§ The problem: From the first line of the entries below through the line bearing "Lịch sử đối", write out each line exactly. Omit pictures.
** Opening Data supplied block **
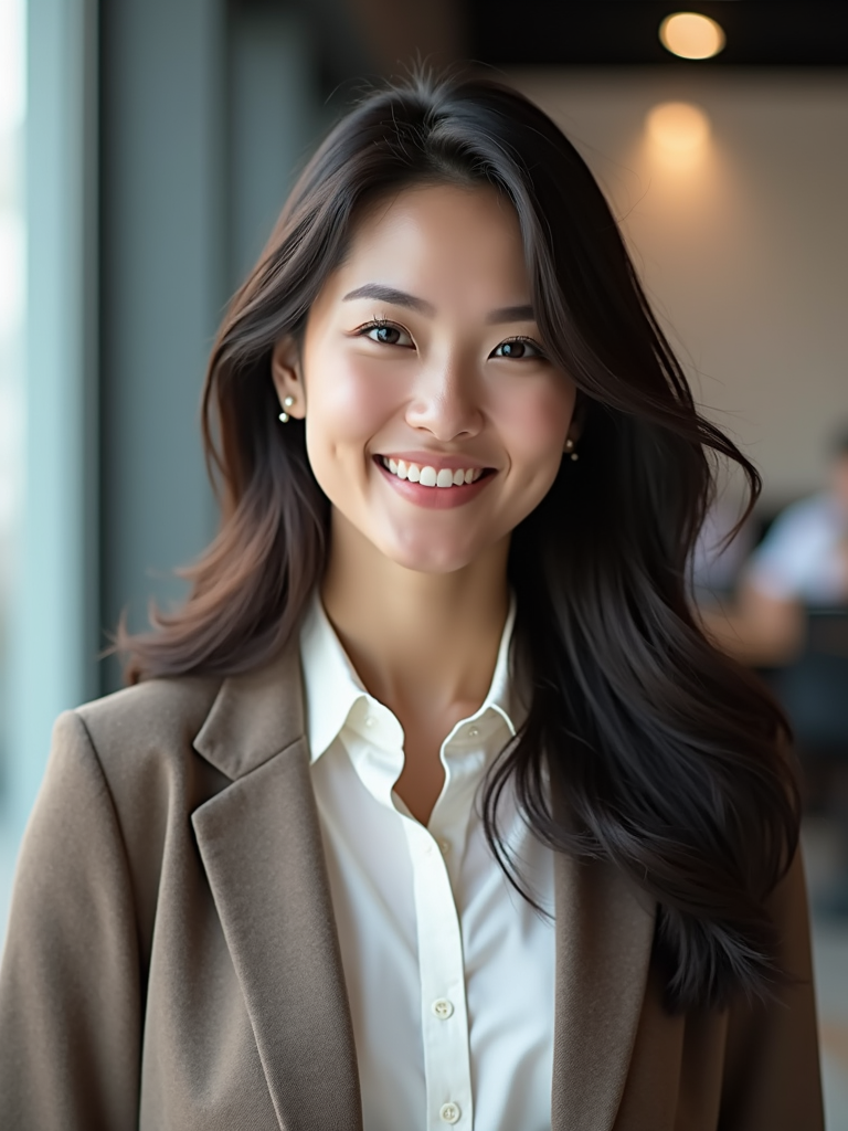 8k professional headshot of model, crisp details, studio backdrop, casual smart attire, confident posture, friendly expression, high-definition, modern startup environment, sharp focus, natural lighting, business casual, open workspace background
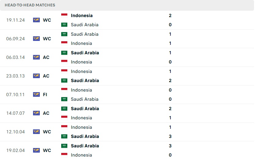Lịch sử đối đầu đang nghiêng hẳn về Saudi Arabia với 11 chiến thắng sau 14 lần gặp nhau. Phong độ thiếu ổn định của Saudi Arabia cùng sự tiến bộ mạnh mẽ của Indonesia khiến cục diện trận đấu sắp tới trở nên khó lường. Dù vậy, với kinh nghiệm và chất lượng nhân sự vượt trội, Saudi Arabia vẫn được đánh giá nhỉnh hơn đôi chút.
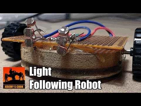 下の動画で紹介されている「ロボット」は、私が作った方法です。私のやり方をステップバイステップで真似してもいいですし、3Dプリンターなどで丁寧にデザインしたものを作ってもいいですし、手元にある工具と材料でとりあえず作ってみて、どうなるか試してみるのもいいでしょう。車輪で装置を転がすことができれば、懐中電灯の光を追う楽しいロボットが完成します。フレームは木材、プラスチック、段ボールなど、手に入りやすい材料で作ることができます。
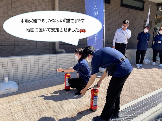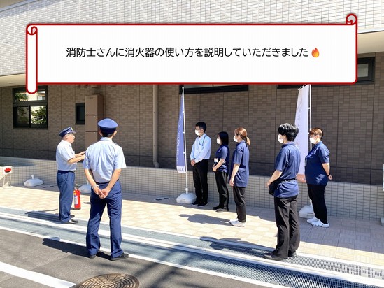 先日、施設内で防災訓練を実施しました。今回は消防署の方にも来ていただき、実際の避難の流れや消化器の使い方など、丁寧にご指導いただきました
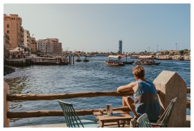 Dubai Creek Waterfront Man Sitting Abra Boats
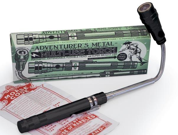 240034 Adventurer’s Campfire Fun Kit Height: 20cm -8 inch 245830 Adventurer’s ‘SCARAB’ Metal Carabiner Clip Clip Size: 6.5cm - 2½ inch A super bright torch with a flexible, magnetic, extendable head. Entertain a group. Tell a spooky story. Play some cards and quiet games. Run around and rough and tumble. Solve puzzles, learn dice games and tricks. Party like it’s 1955. 64
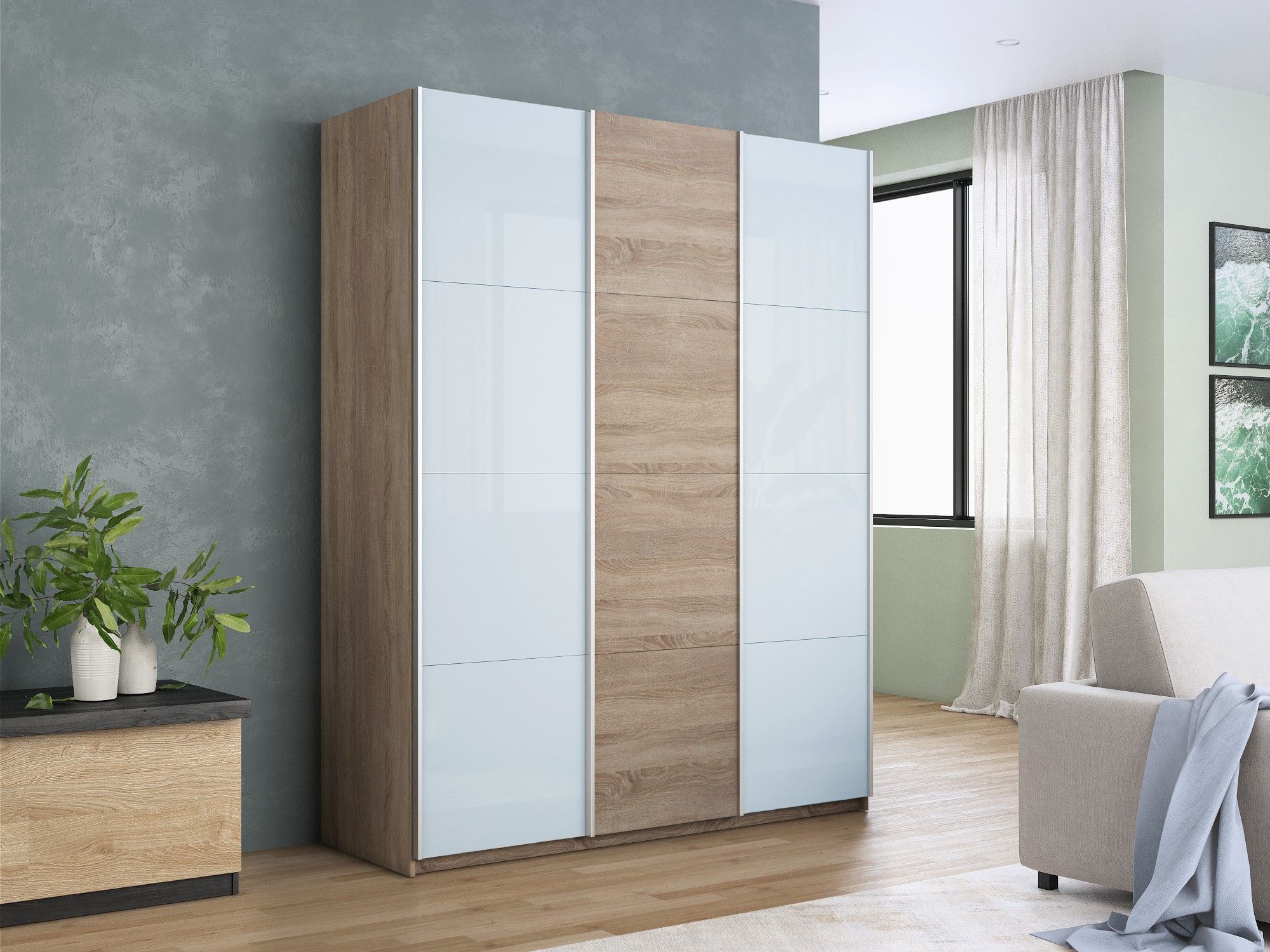 Шкаф-купе Прайм 3-х дверный Стекла белые/ДСП/Доводчики 210х57х230 (Дуб сонома)
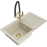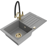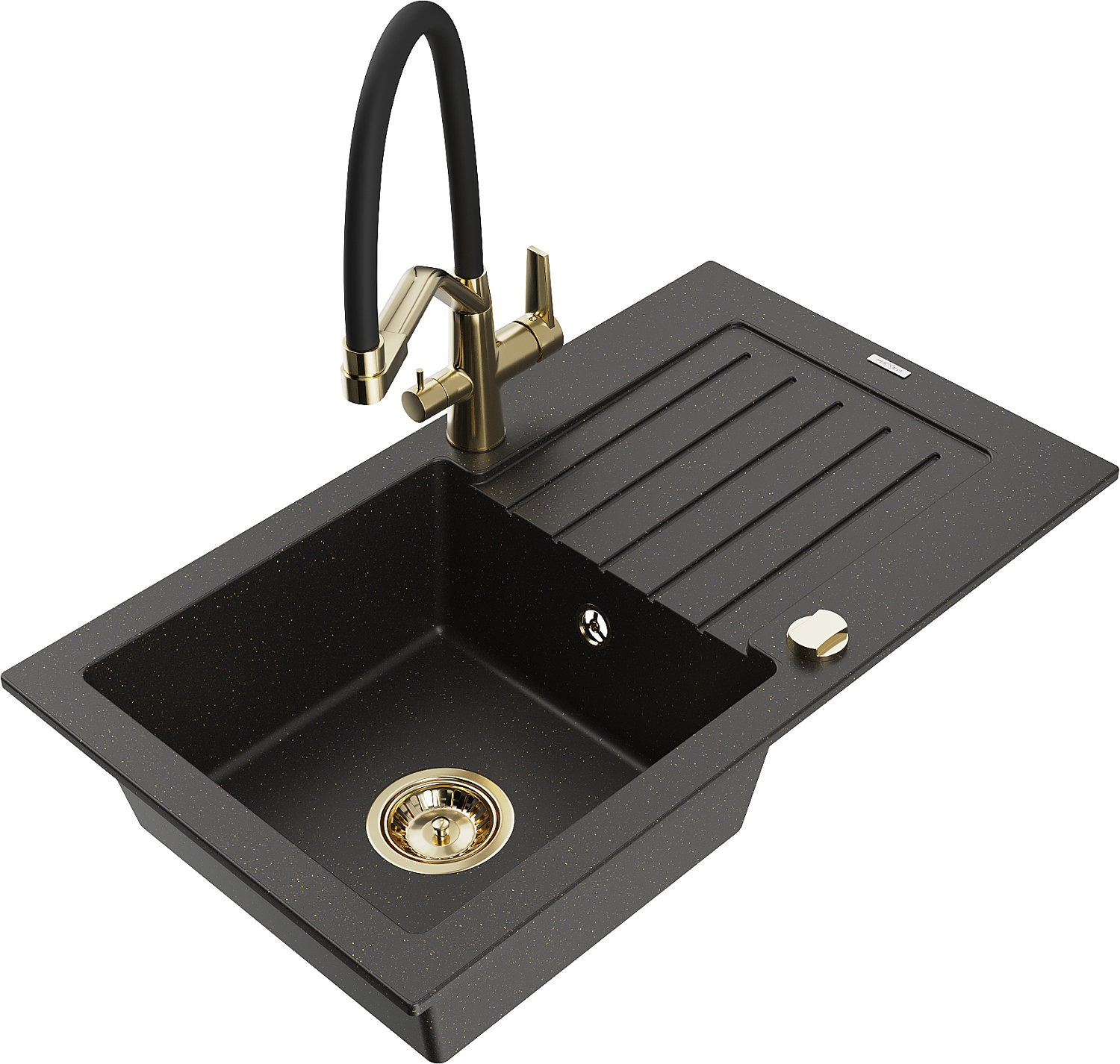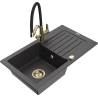 Mexen Pablo granitový dřez 1-komorový s odkapávačem a kuchyňskou baterií Duo, černý/zlatý metalik - 6510-75-671701-57-G
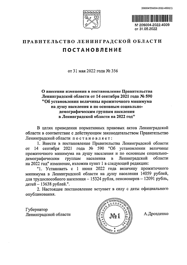 Постановление Правительства Ленинградской области от 31.05.2022 № 356
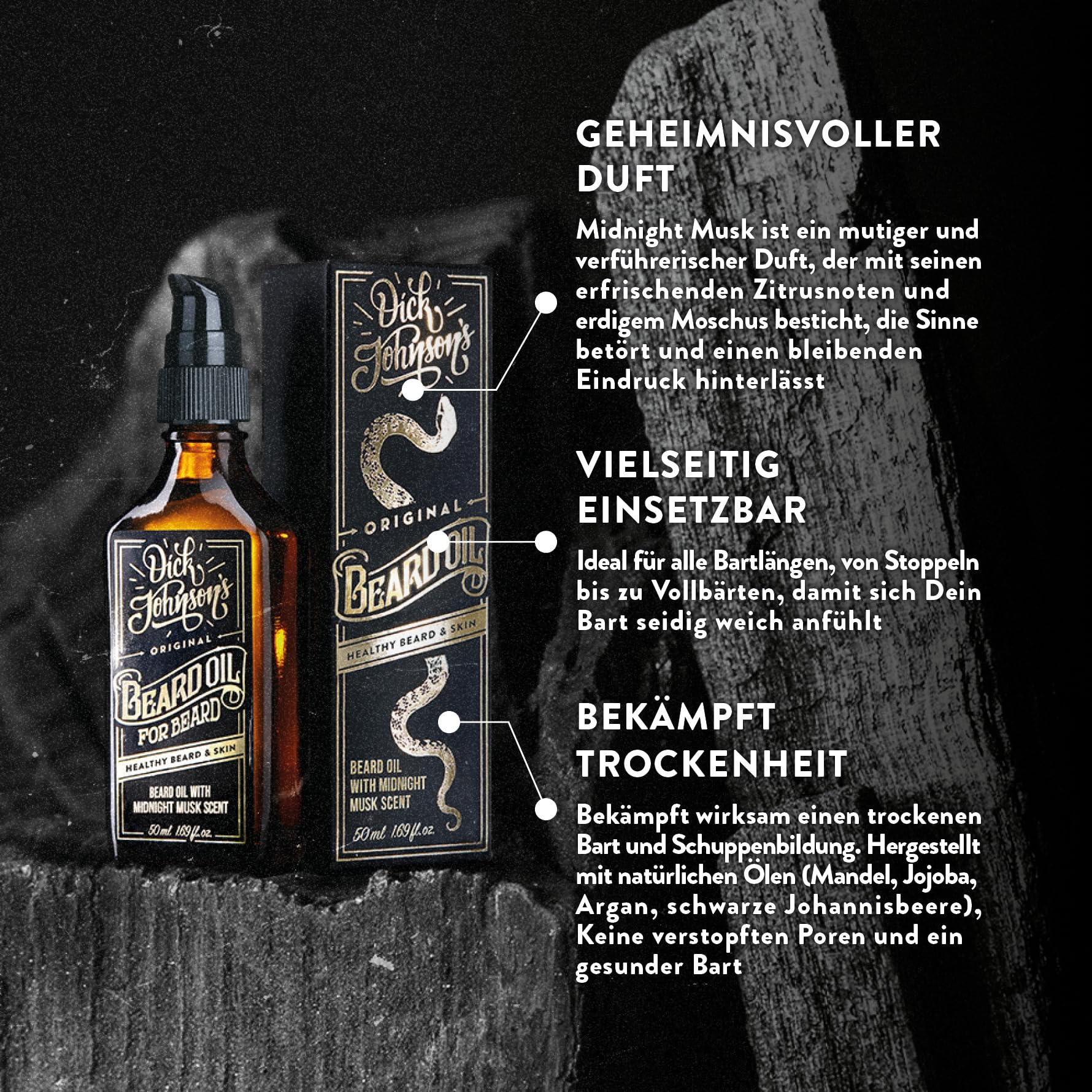 Dick Johnson Bartöl Midnight Musk Duft 50 ml – Bart Öl mit Arganöl, Jojobaöl und Mandelöl – Bartpflege für Männer zur täglichen Anwendung & Bartwachstum – Geschenk für Männer – Made in Finnland
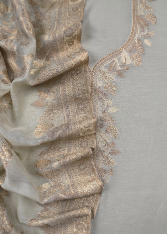 Cheeku Grey Pure Silk Suit With Kani Gold Zari Weaving
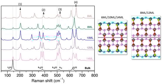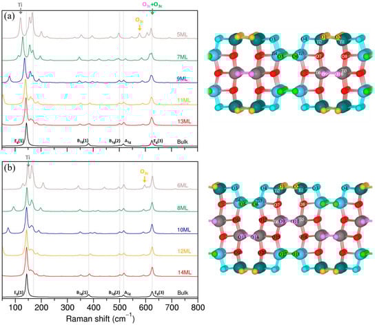 The peaks associated with the Eg(3) mode exhibit a more complex behavior. Depending on the number of layers in the slab, either one (8 ML/12 ML) or two (6 ML/10 ML/14 ML) intense peaks can be identified in the frequency range between 600 and 700 cm−1. Among these, the peak at approximately 654 cm−1, present for -6, 10, and 14 ML (marked by arrow number (4)), remains relatively stable across slabs with different thicknesses. Our analysis using CRYSPLOT revealed that this peak is associated with the collective motion of oxygen network, mainly involving surface O2c atoms. In fact, a similar type of motion with similar frequency was also observed in the 8 and 12 ML slabs, with significantly lower intensity. It appears that the differences in intensity for this mode might be attributed to the particular geometry of slabs. As schematically illustrated in Figure 5, slabs with 6, 10, and 14 ML are symmetric with respect to a mirror plane, while for 8 and 12 ML slabs, this symmetry is absent, which in turn potentially affects dipole moments and the polarization in the structures. The remaining peaks around 625 cm−1 are attributed to O atoms from the inner layers of the slabs, and the intensity of these peaks increases with slab thickness. The intensity of the Eg(3) mode dominates the spectra, which differs from the case of the symmetric slab or the experimental spectra. The intensity of this mode appears to gradually decrease for the 14 ML slab, and may further decrease with increased slab thickness. However, attempts to perform structural optimizations for thicker slabs were unsuccessful, and it is not possible to make clear predictions at this point.
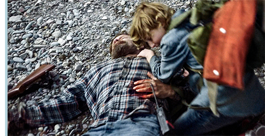 一方、森の中の2人。馬に乗っていると、トロイが、「おしっこに行く。お前さんも行くか?」と言い出す。「ううん」。トロイは馬を降りると、ジョーに馬を任せて そそくさと消える。ジョーは、馬のロープを木に巻き付けると リュックを地面に置くが、枝の折れる音にハッとする。続いて、何かが動くカサカサという音も聞こえる。トロイから、カナダの熊のことを聞かされていたジョーは、心配になり、ライフルを取り出し、引き金に指を置いて構える。そして、次に音がした方に銃口を向けて発砲する(1枚目の写真)。ジョーにとって恐ろしいことに、それは熊ではなくて人間で、草むらの中に傷を負って仰向けに倒れていた。発砲音にびっくりしたトロイが駆け付け、男が持っていたトランシーバーを取り上げ(2枚目の写真、矢印)、自分のスボンのベルトを引き抜くと、弾の入った左脚上部を縛って止血する。ジョーは 茫然としてそれを見ている(3枚目の写真)。トロイは、トランシーバーに向かって、「メーデー、撃たれた」と叫ぶと、ジョーを連れて渓流まで行き、血に染まった両手を洗うが、ジョーの茫然自失状態は変わらない。
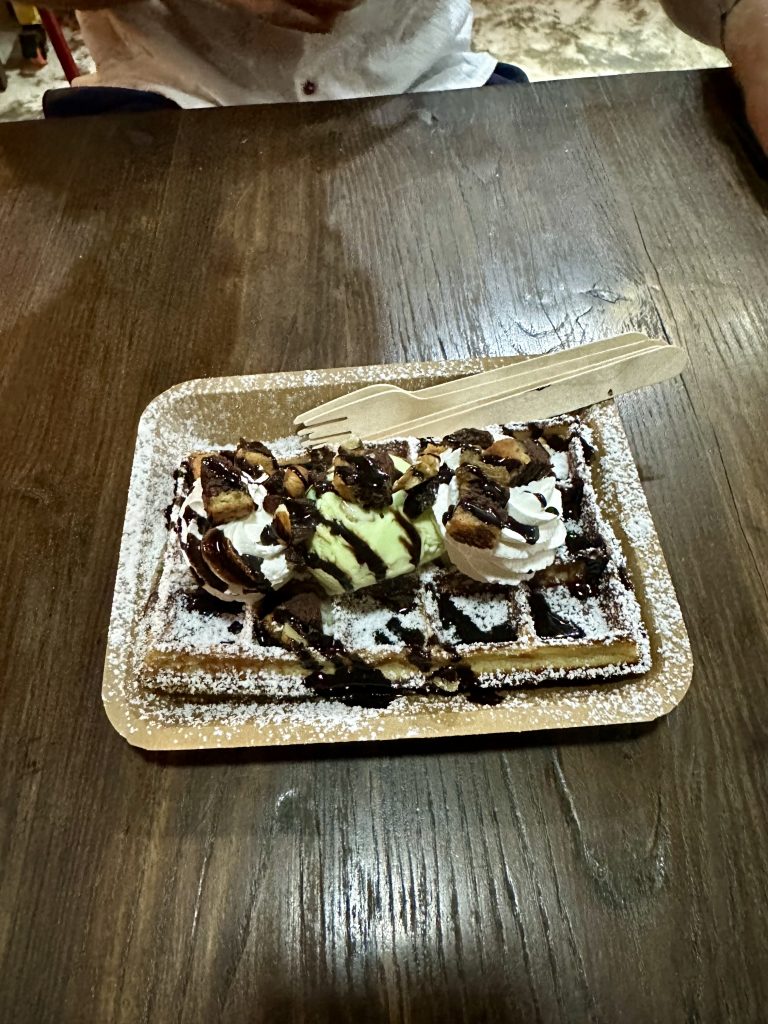 Der Besitzer des Lokals war dafür allerbest. Er hat gemerkt, dass vor allem ich nicht ganz so glücklich war und wollte sich entschuldigen, dass wir keinen Käse bekommen haben. Und so hat er uns kurzerhand eine belgische Waffel mit Pistazieneis kostenlos gemacht 🤩 und die war wirklich himmlisch!
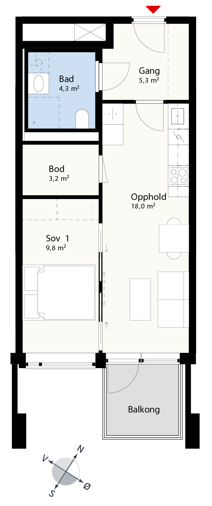 H201: Smart student- eller pendlerleilighet
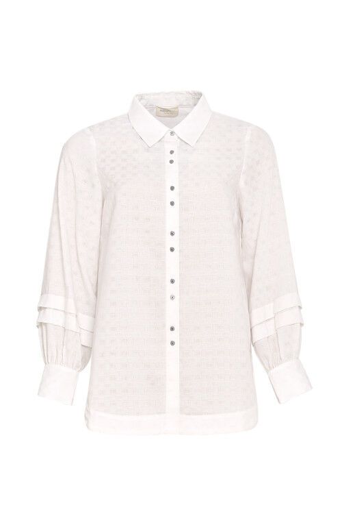 Longline check jacquard collared shirt with tuck detailing on lower sleeve and back yoke. Featuring paired asymmetrical buttons on front placket. Rayon polyester check jacquard - 80% polyester, 20% rayon
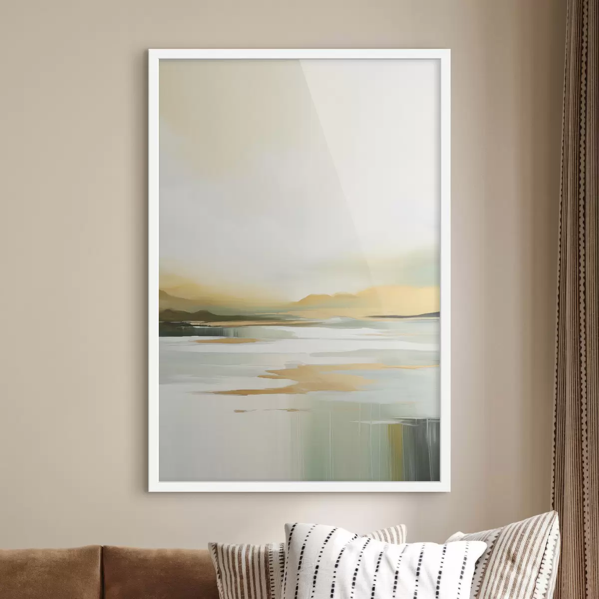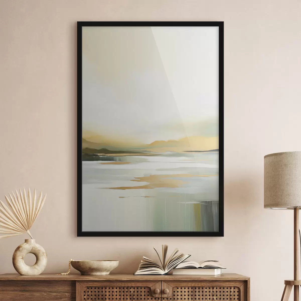 Poster Paisaje abstracto con tonos amarillos y verdes, agua que refleja el cielo y montañas lejanas, cielo pálido y brumoso. Nr f47439
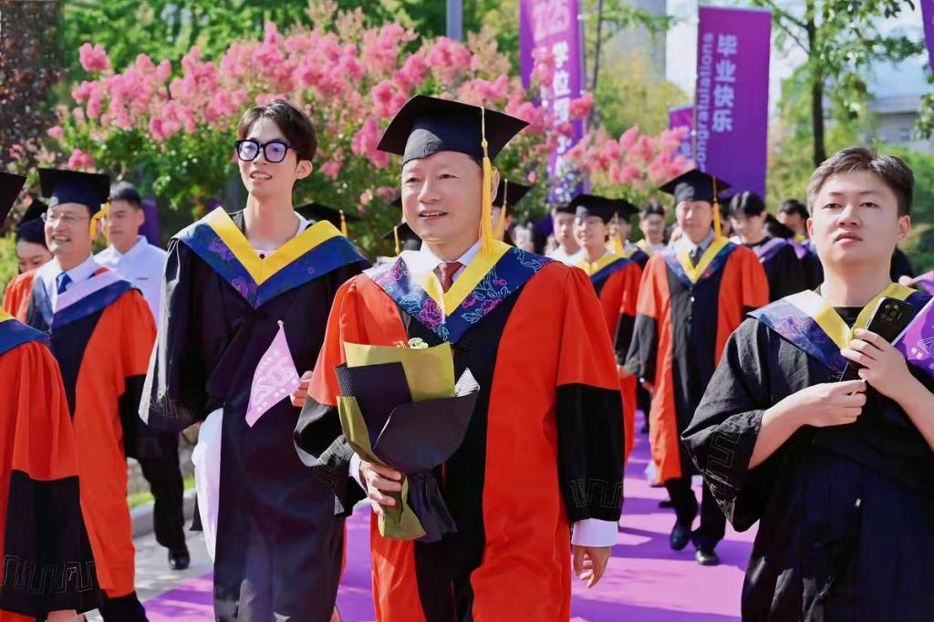 学校董事长袁汉源、校长王志刚为毕业生代表拨穗正冠、颁发学位证书
** Closing Data supplied block **
§ Answer to this task:
 8k professional headshot of model, crisp details, studio backdrop, casual smart attire, confident posture, friendly expression, high-definition, modern startup environment, sharp focus, natural lighting, business casual, open workspace background
Lịch sử đối đầu đang nghiêng hẳn về Saudi Arabia với 11 chiến thắng sau 14 lần gặp nhau. Phong độ thiếu ổn định của Saudi Arabia cùng sự tiến bộ mạnh mẽ của Indonesia khiến cục diện trận đấu sắp tới trở nên khó lường. Dù vậy, với kinh nghiệm và chất lượng nhân sự vượt trội, Saudi Arabia vẫn được đánh giá nhỉnh hơn đôi chút.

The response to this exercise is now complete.